Aim – To explore GP perceptions of the impact of the 2010/2011 Canterbury earthquakes on primary care clinic patients.
Methods – Qualitative study using semi-structured interviews with eight GPs from the Christchurch area exploring GPs’ perceptions of the impact on patients.
Results – Patients experienced significant strain and anxiety following the earthquakes. The impact of this differed due to personal circumstances. Secondary stressors such as insurance and housing issues contributed to experiences of distress.
Conclusions – The GPs identified significant impacts on patients as a result of the earthquakes with significant levels of strain and anxiety being due to the on-going recovery process. It appears that a significant proportion of the affected population felt comfortable talking with the GPs about the earthquakes, secondary stressors and their effects upon them.

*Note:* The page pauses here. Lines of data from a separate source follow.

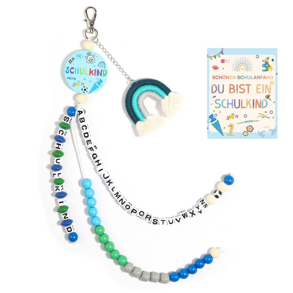 Porte-clés arc-en-ciel à glands, panneau en bois en forme de coeur, perles acryliques colorées, porte-clés cadeau, porte-clés lettre en forme de coeur
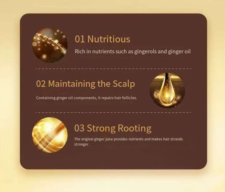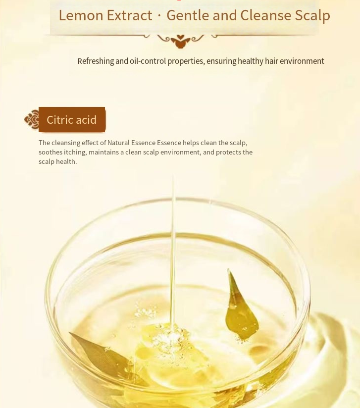 The core ingredients, ginger juice and gingerols, can deeply cleanse the hair follicles, infuse the scalp with natural nutrients, strengthen the hair roots, and reduce hair breakage and loss. The lemon essence balances the scalp's oil and moisture, alleviating oily, itchy, and recurring dandruff problems, keeping the scalp fresh and comfortable. The cereal protein wraps the hair strands, fills in damaged hair scales, and leaves the hair strands soft, shiny, and lustrous after washing. It says goodbye to dry and frizzy hair.
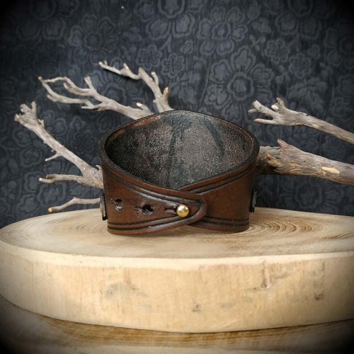 Bracelet en cuir marron de conception artisanale, création originale de l'Atelier de Maître Hobbit, entièrement fait main. Cuir pleine fleur, tannage végétal, teinture pigments naturels, cire artisanale. Le bracelet est gravé d'un motif viking, la rune symbole de la musique, gravée à la main. Belle finition, qualité artisanale, durée de vie assurée. Fermeture cartouchière (3 niveaux). Largeur de la face 5,5 cm.
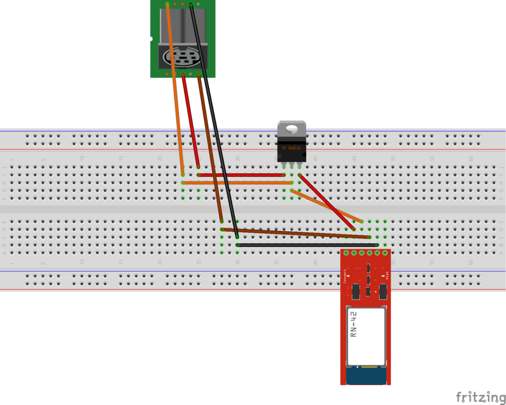 - 1 x Regulador de tensión LM7805. Para garantizar que el módulo bluetooth se alimenta con 5V interpondremos este elemento entre los pines de la Roomba y los del módulo.
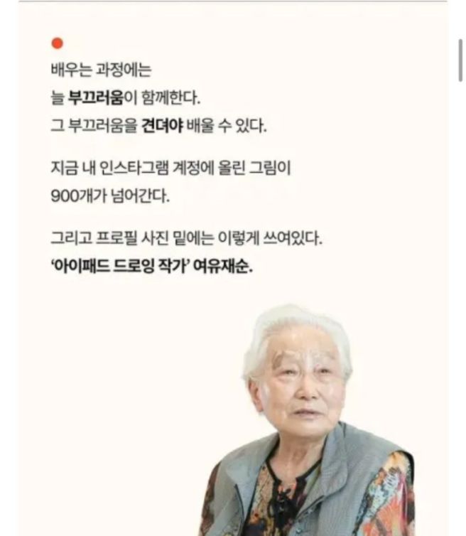 키워드 : 여유재순, 드로잉 아티스트, 아이패드 드로잉, 인스타그램, 90세, 도전, 배움
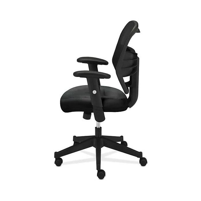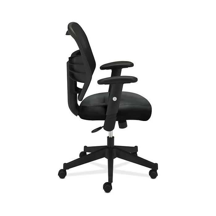A waveform seat and height-adjustable padded arms give this chair an upscale feel at a compelling price. Seat upholstery is Black SofThread leather mesh. Back mesh, frame and base color is Black.
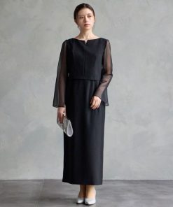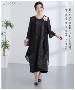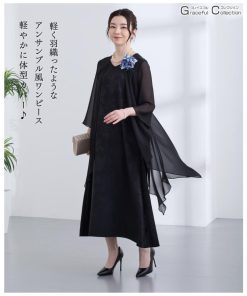 顔合わせ 服装 母 60代 フォーマルドレス 50代 結婚式 叔母 母親 ミセス フォーマルワンピース 40代 70代 お宮参り 祖母 マザーズドレス 黒121-1124-0004
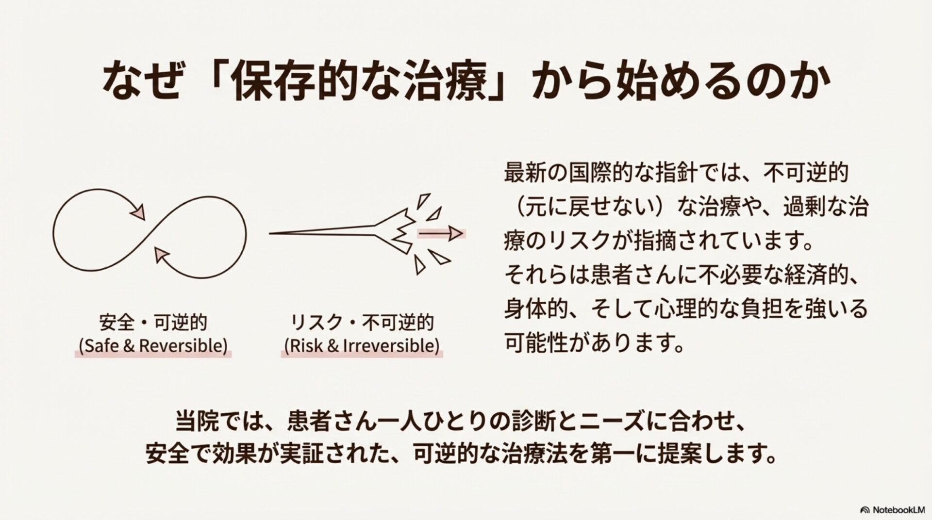 この研究はまた、治療を選択する際に、過剰な治療を避け、「保守的で、科学的根拠に基づき、可逆的な(元に戻せる)ケア」を優先することの重要性を強調しています。
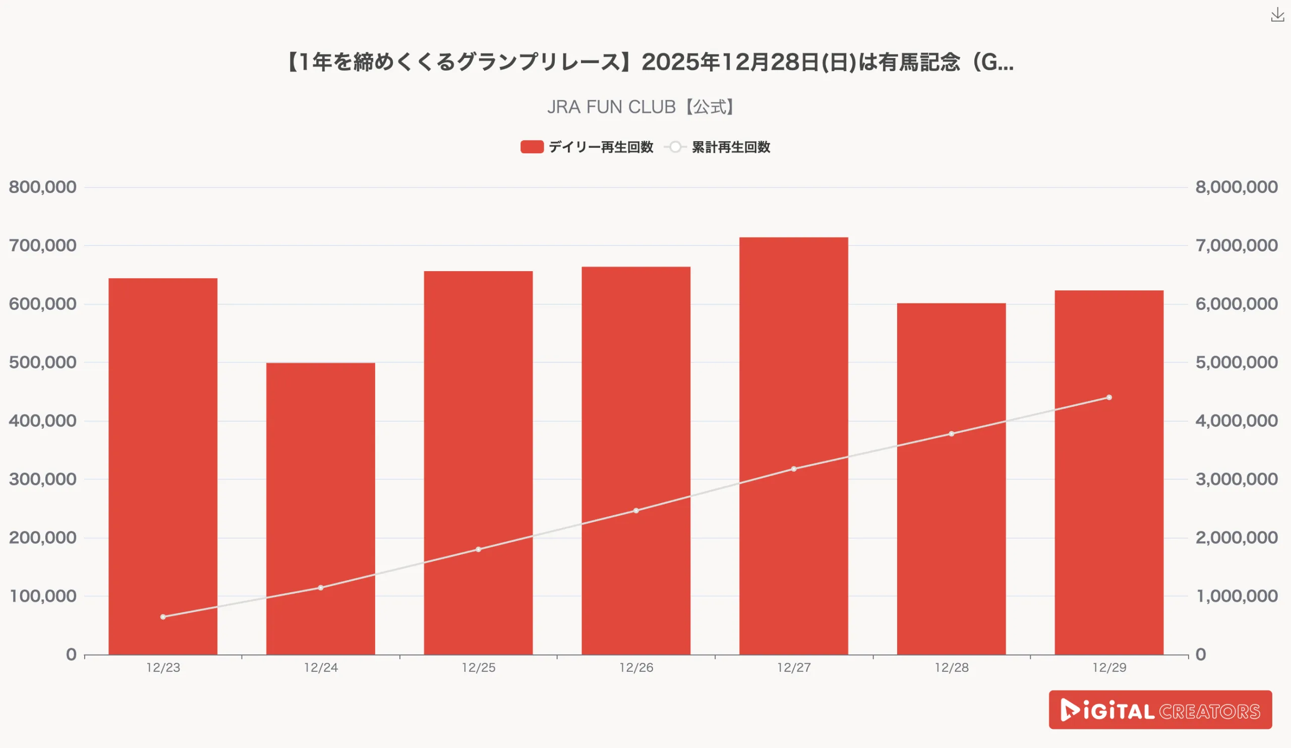 第2位は『JRA FUN CLUB【公式】』。一年を締めくくるG1レース「有馬記念」の生配信動画がランクインした。
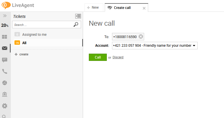 新しいチケットを通話と共に作成したい場合は、LiveAgentのエージェントパネル上部にある「New」(新規)->「New call」(新規通話)に進みます:
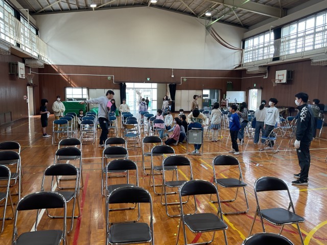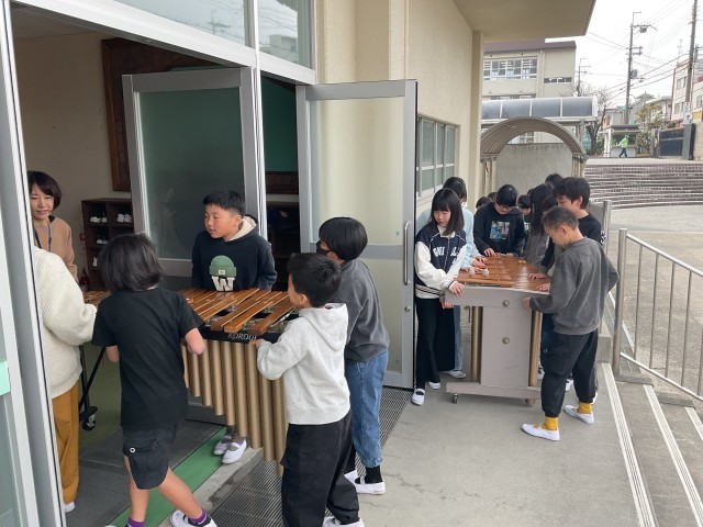 まずは、合奏のために使ういろいろな楽器を音楽室から運びます。その後、椅子やひな壇を並べるなどしました。一人ひとりがとてもテキパキと動いていて、あっという間に式場が出来上がりました。

Funding StatementThis study was funded by the Massey University Research Fund. The funders had no role in study design, data collection and analysis, decision to publish, or preparation of the manuscript. The authors have declared that no competing interests exist.
Experts agree that disasters can have a negative impact on people’s mental well-being1. The World Health Organisation estimates that after a disaster, severe mental health disorders increase from 2-3 per cent to 3-4 per cent of the population and mild to moderate mental disorders can double from 10 per cent to 20 percent2. However those experiencing mild psychological reactions will be able to cope and recover if they receive support1,3.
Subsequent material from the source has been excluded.